Material supplied »

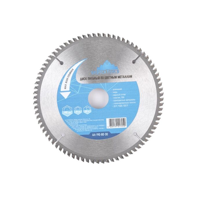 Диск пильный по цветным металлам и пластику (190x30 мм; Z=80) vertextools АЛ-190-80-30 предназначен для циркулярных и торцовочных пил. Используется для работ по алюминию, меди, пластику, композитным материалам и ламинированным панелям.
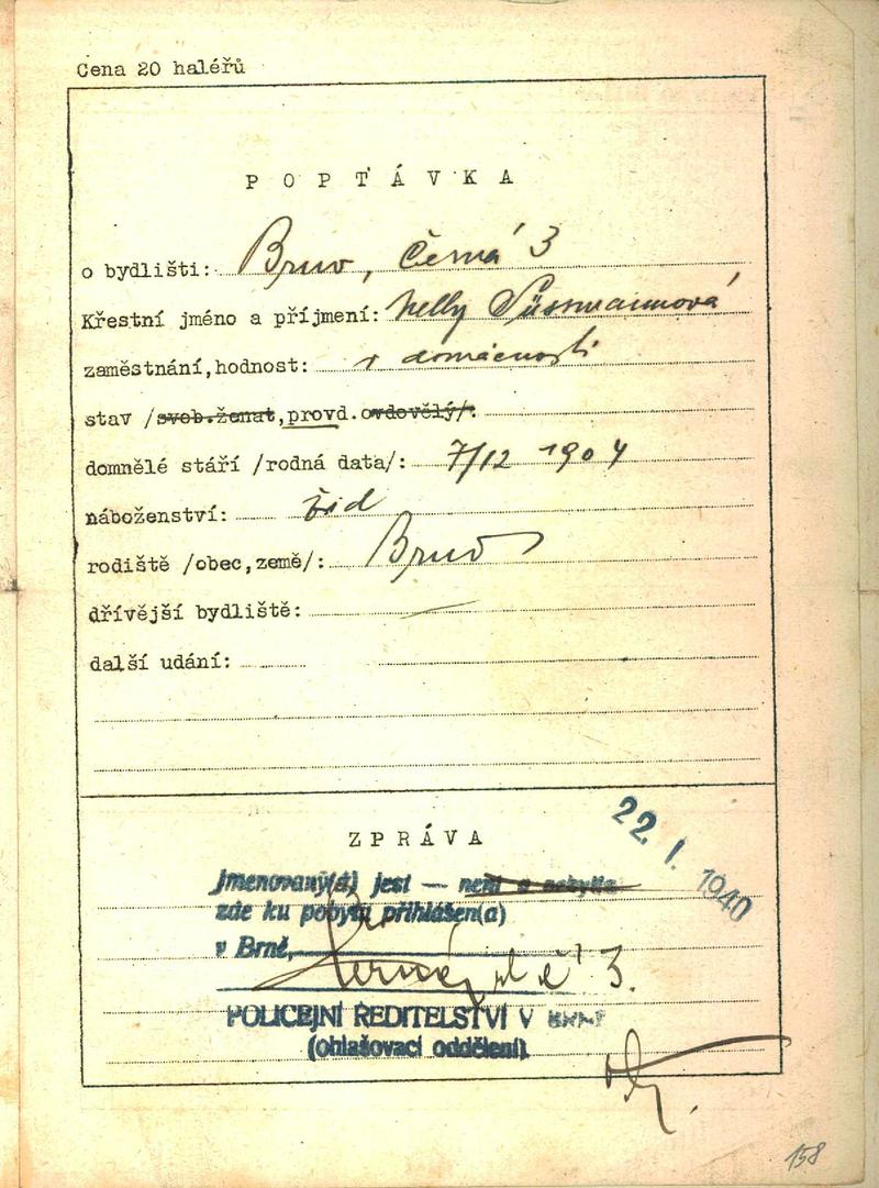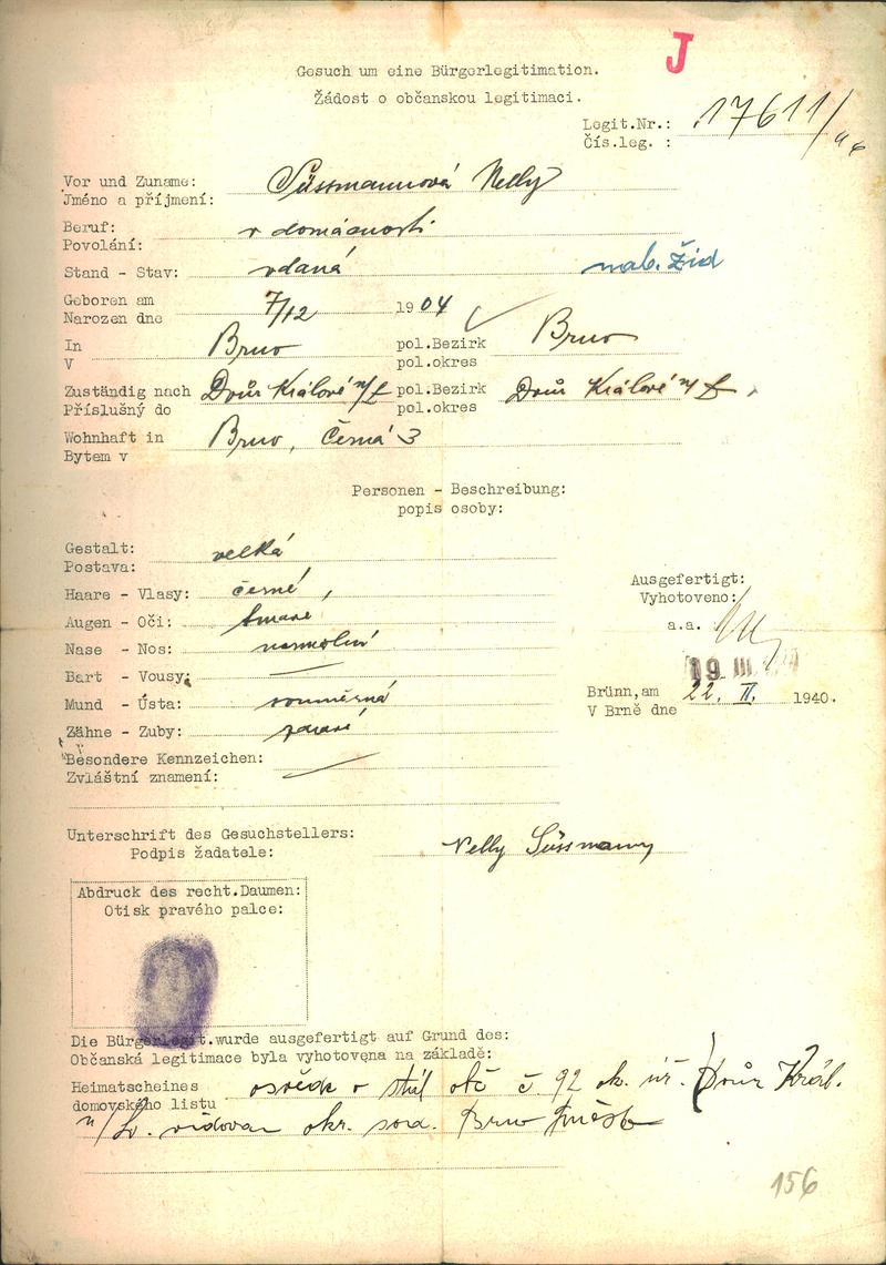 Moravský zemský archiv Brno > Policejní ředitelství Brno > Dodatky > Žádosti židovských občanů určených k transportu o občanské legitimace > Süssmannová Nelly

==

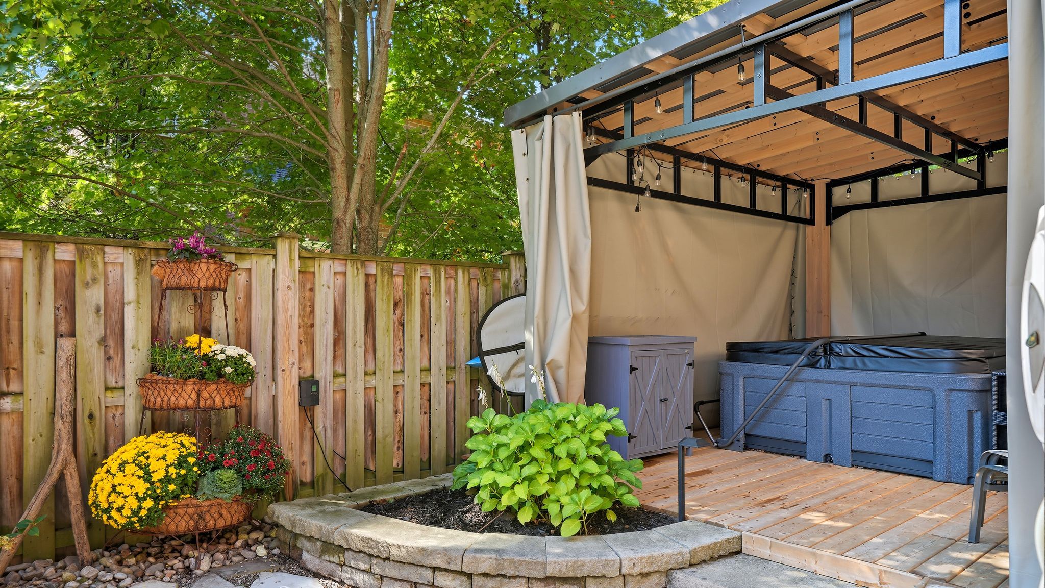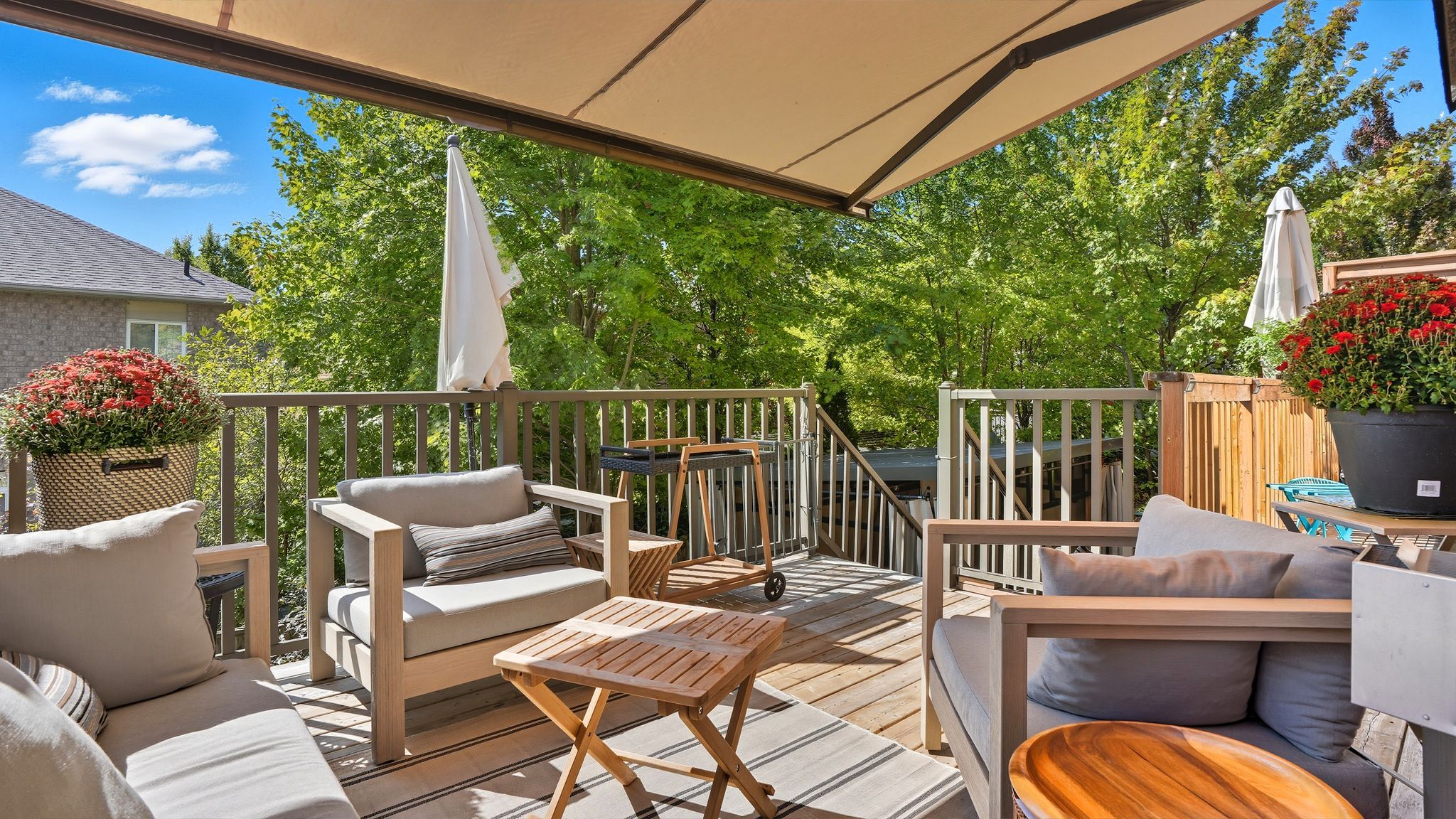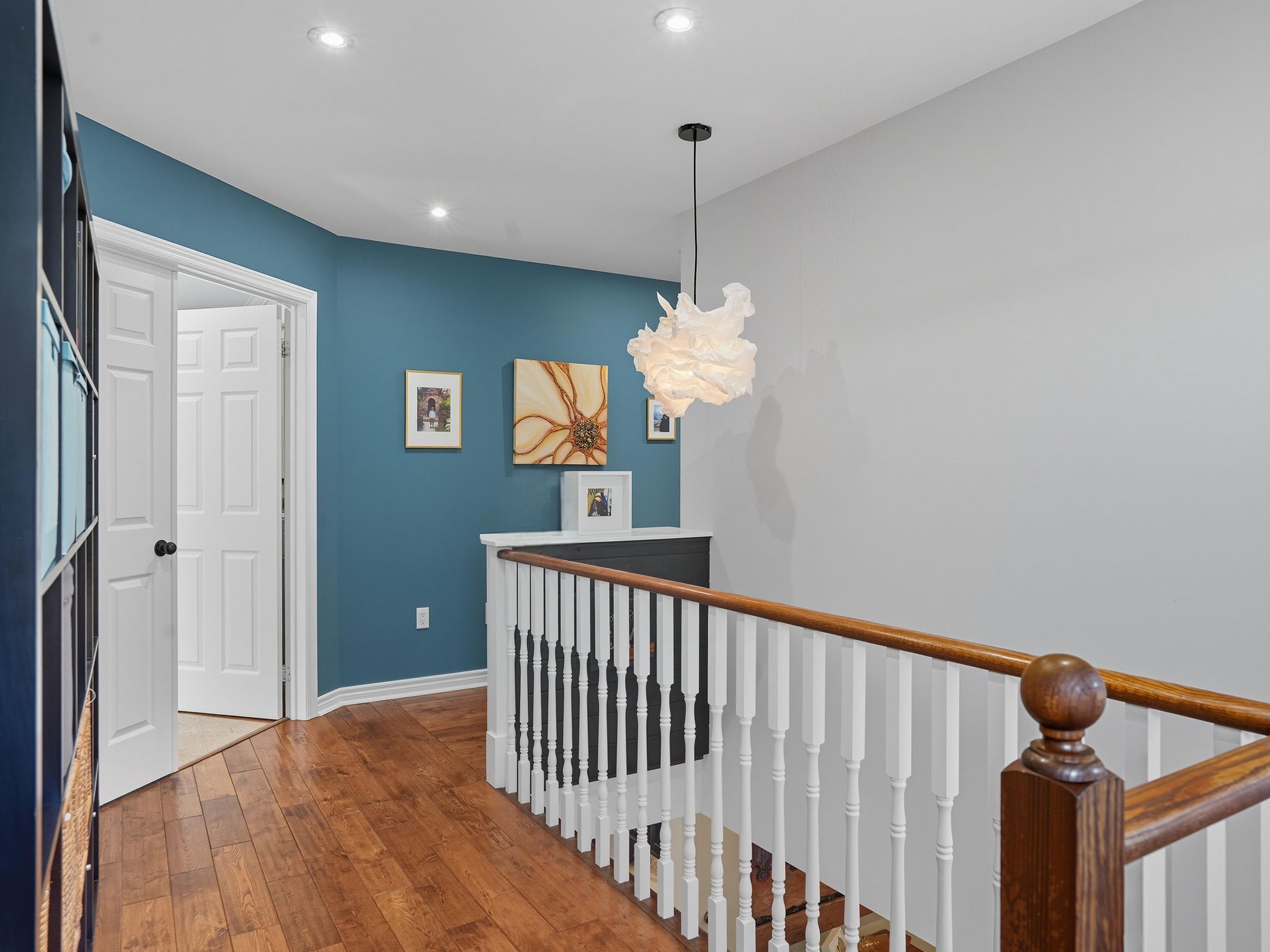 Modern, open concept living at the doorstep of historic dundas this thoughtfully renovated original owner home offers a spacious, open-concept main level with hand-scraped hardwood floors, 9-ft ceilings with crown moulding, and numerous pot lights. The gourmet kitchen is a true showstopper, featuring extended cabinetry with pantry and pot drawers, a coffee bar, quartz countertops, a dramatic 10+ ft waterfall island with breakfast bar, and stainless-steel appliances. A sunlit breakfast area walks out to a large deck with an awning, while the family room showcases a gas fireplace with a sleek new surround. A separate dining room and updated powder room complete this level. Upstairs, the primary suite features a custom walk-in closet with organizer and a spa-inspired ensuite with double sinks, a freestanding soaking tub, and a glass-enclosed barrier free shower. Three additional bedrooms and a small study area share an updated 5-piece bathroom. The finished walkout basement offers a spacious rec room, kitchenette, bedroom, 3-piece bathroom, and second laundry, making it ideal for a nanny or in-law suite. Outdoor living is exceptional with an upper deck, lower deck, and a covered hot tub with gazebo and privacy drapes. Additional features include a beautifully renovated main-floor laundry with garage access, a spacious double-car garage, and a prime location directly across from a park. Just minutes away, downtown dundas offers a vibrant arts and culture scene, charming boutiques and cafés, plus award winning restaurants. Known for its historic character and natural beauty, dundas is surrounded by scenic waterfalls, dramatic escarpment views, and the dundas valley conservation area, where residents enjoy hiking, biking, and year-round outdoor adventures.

Task directions » Only the lines above from the one containing "Диск пильный по" through the one containing "Moravský zemský archiv" should be returned, verbatim and inclusive, with pictures excluded.

Answer »
 Диск пильный по цветным металлам и пластику (190x30 мм; Z=80) vertextools АЛ-190-80-30 предназначен для циркулярных и торцовочных пил. Используется для работ по алюминию, меди, пластику, композитным материалам и ламинированным панелям.
 Moravský zemský archiv Brno > Policejní ředitelství Brno > Dodatky > Žádosti židovských občanů určených k transportu o občanské legitimace > Süssmannová Nelly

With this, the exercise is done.